Work instruction. Span requested from the data below: the line with "Normalerweise fahren wir" through the line with "Blue Hour At", both included. Give only these lines again, exactly, and leave every picture out.

Data for analysis.

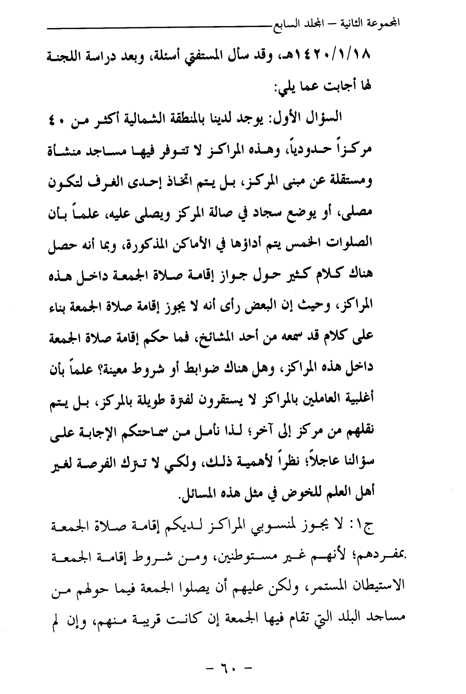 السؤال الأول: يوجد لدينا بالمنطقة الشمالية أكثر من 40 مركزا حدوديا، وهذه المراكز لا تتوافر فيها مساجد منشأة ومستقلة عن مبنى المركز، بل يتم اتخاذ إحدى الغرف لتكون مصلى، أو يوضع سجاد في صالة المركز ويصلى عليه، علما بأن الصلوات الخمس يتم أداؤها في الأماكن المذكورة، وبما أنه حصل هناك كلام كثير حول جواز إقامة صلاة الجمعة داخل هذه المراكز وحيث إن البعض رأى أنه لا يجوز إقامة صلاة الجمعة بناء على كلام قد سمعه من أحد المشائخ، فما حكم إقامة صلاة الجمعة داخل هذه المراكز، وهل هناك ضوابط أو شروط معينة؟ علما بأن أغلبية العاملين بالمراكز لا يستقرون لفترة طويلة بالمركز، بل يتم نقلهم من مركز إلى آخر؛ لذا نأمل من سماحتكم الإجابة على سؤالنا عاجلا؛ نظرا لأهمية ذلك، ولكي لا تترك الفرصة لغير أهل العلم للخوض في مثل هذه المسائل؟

* * *

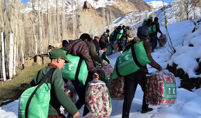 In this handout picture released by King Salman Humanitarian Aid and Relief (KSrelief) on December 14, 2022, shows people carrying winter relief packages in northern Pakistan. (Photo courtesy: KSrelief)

...

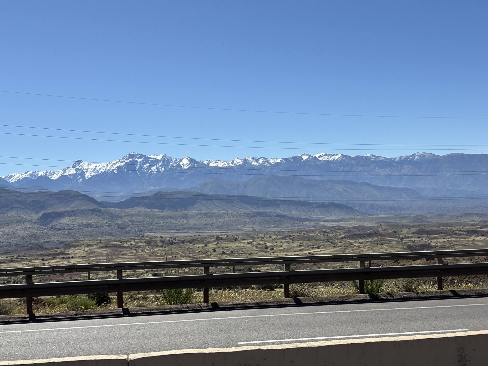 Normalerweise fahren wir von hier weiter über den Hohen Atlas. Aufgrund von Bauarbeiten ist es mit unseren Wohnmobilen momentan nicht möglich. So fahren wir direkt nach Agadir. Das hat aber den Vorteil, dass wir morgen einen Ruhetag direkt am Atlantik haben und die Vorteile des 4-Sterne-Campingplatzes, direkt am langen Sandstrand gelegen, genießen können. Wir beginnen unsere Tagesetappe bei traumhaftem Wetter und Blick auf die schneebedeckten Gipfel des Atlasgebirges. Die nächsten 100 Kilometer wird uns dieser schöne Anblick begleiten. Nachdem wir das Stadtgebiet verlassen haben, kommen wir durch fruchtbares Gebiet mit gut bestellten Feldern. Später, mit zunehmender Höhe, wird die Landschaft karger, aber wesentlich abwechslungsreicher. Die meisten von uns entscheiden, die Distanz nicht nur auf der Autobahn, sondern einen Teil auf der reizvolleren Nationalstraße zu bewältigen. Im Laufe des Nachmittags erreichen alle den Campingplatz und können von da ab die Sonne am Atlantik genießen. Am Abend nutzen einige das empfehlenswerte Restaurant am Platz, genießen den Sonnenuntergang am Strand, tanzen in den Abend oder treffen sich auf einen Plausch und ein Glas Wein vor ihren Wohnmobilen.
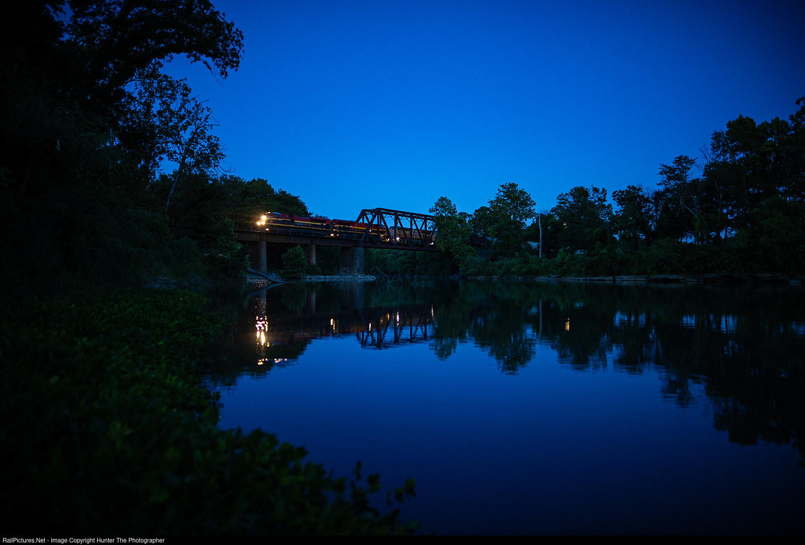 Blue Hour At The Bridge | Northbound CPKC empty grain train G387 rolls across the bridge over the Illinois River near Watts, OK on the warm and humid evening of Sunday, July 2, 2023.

Exercise result.
 Normalerweise fahren wir von hier weiter über den Hohen Atlas. Aufgrund von Bauarbeiten ist es mit unseren Wohnmobilen momentan nicht möglich. So fahren wir direkt nach Agadir. Das hat aber den Vorteil, dass wir morgen einen Ruhetag direkt am Atlantik haben und die Vorteile des 4-Sterne-Campingplatzes, direkt am langen Sandstrand gelegen, genießen können. Wir beginnen unsere Tagesetappe bei traumhaftem Wetter und Blick auf die schneebedeckten Gipfel des Atlasgebirges. Die nächsten 100 Kilometer wird uns dieser schöne Anblick begleiten. Nachdem wir das Stadtgebiet verlassen haben, kommen wir durch fruchtbares Gebiet mit gut bestellten Feldern. Später, mit zunehmender Höhe, wird die Landschaft karger, aber wesentlich abwechslungsreicher. Die meisten von uns entscheiden, die Distanz nicht nur auf der Autobahn, sondern einen Teil auf der reizvolleren Nationalstraße zu bewältigen. Im Laufe des Nachmittags erreichen alle den Campingplatz und können von da ab die Sonne am Atlantik genießen. Am Abend nutzen einige das empfehlenswerte Restaurant am Platz, genießen den Sonnenuntergang am Strand, tanzen in den Abend oder treffen sich auf einen Plausch und ein Glas Wein vor ihren Wohnmobilen.
 Blue Hour At The Bridge | Northbound CPKC empty grain train G387 rolls across the bridge over the Illinois River near Watts, OK on the warm and humid evening of Sunday, July 2, 2023.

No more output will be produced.